The equation of the line l is $x - 3y - 6 = 0$ - Junior Cycle Mathematics - Question i - 2014

To verify whether the point (1,–2) is on the line l, we substitute $x = 1$ and $y = -2$ into the original equation:

1. Substitute into $x - 3y - 6 = 0$: $$1 - 3(-2) - 6 = 1 + 6 - 6 = 1 \neq 0$$ Therefore, the left-hand side (LHS) does not equal the right-hand side (RHS), confirming that the point (1,–2) is not on the line l.

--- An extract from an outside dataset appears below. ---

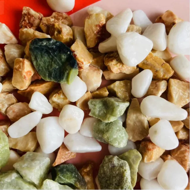 彩色碎石是采用天然花岗岩矿石破碎而成,具有纯天然色彩是现代路面工程重要固料,水洗石是采用天然彩色碎石加工而成,外表光滑不伤手,具有鹅卵石一样的形状。主要用于胶粘石、水磨石、无机磨石、景观装饰等作用。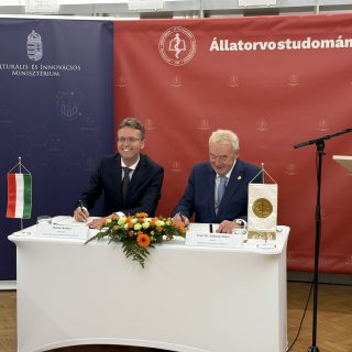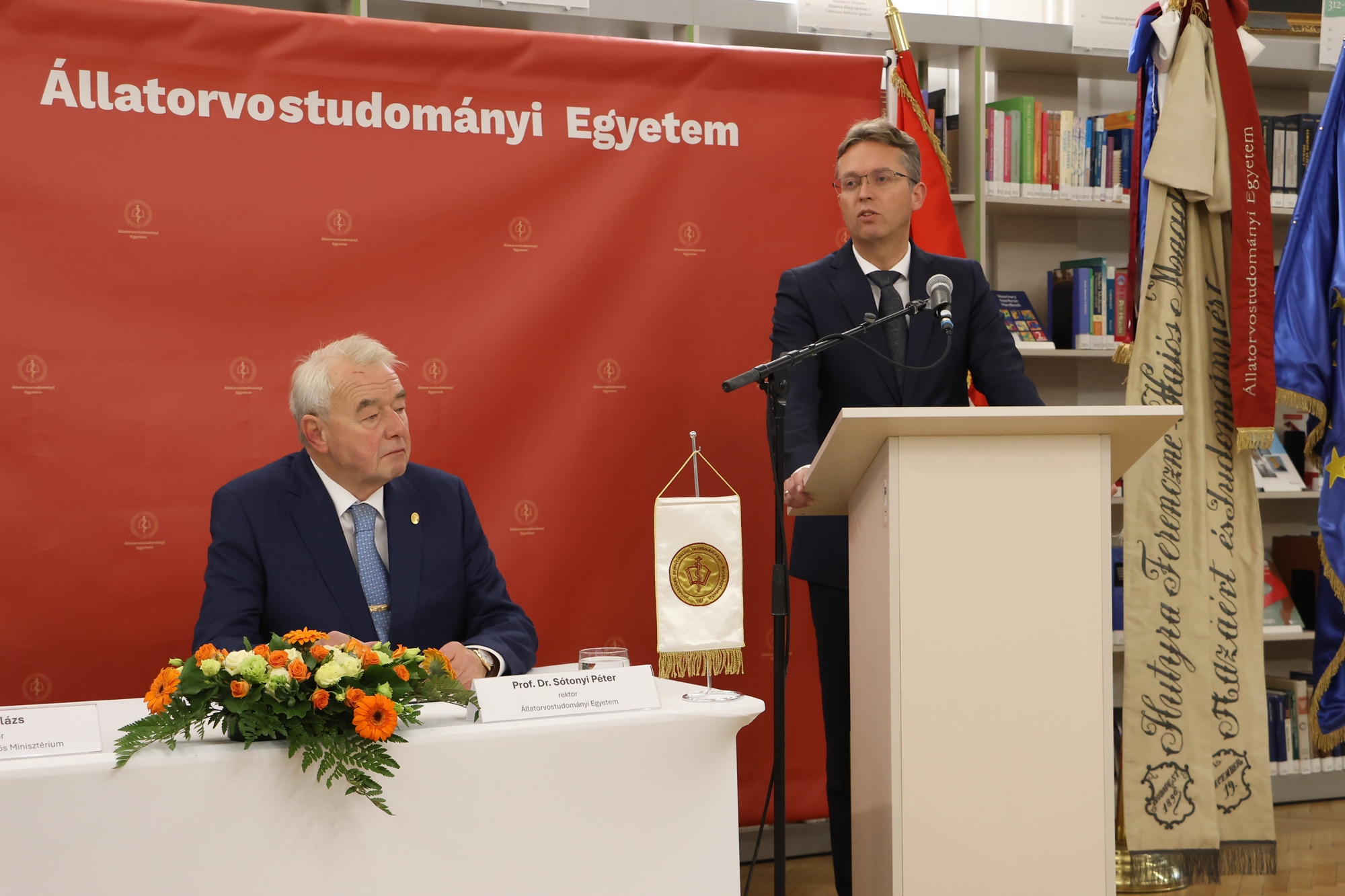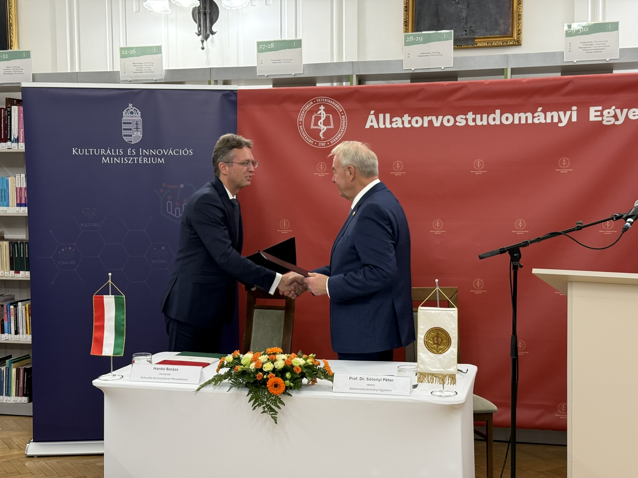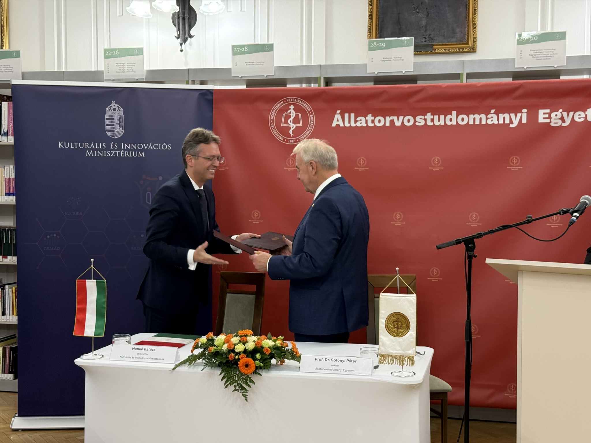 Prof. Dr. Sótonyi Péter rektor és Dr. Hankó Balázs kultúráért és innovációért felelős miniszter 2025. december 1-én ünnepélyes keretek között írta alá az Állatorvostudományi Egyetem és a Kulturális és Innovációs Minisztérium közt létrejött együttműködési megállapodást, amelynek keretében a kormányzat huszonnyolc milliárd forint támogatást biztosít a campus további fejlesztésére.

Since line k is parallel to line l, it has the same slope:

• Slope of line k: $m = \frac{1}{3}$.

To find the equation of line k which passes through the point (1,–2), we can use the point-slope form:

1. Using the point-slope formula: $$y - y_1 = m(x - x_1)$$ Substituting $m = \frac{1}{3}$, $x_1 = 1$, and $y_1 = -2$ gives: $$y + 2 = \frac{1}{3}(x - 1)$$ Simplifying: $$y + 2 = \frac{1}{3}x - \frac{1}{3}$$ Thus: $$y = \frac{1}{3}x - \frac{7}{3}$$ Alternatively, in standard form, we can arrange it as: $$x - 3y - 7 = 0.$$ Therefore, the equation of the line k is either $y = \frac{1}{3}x - \frac{7}{3}$ or $x - 3y - 7 = 0$.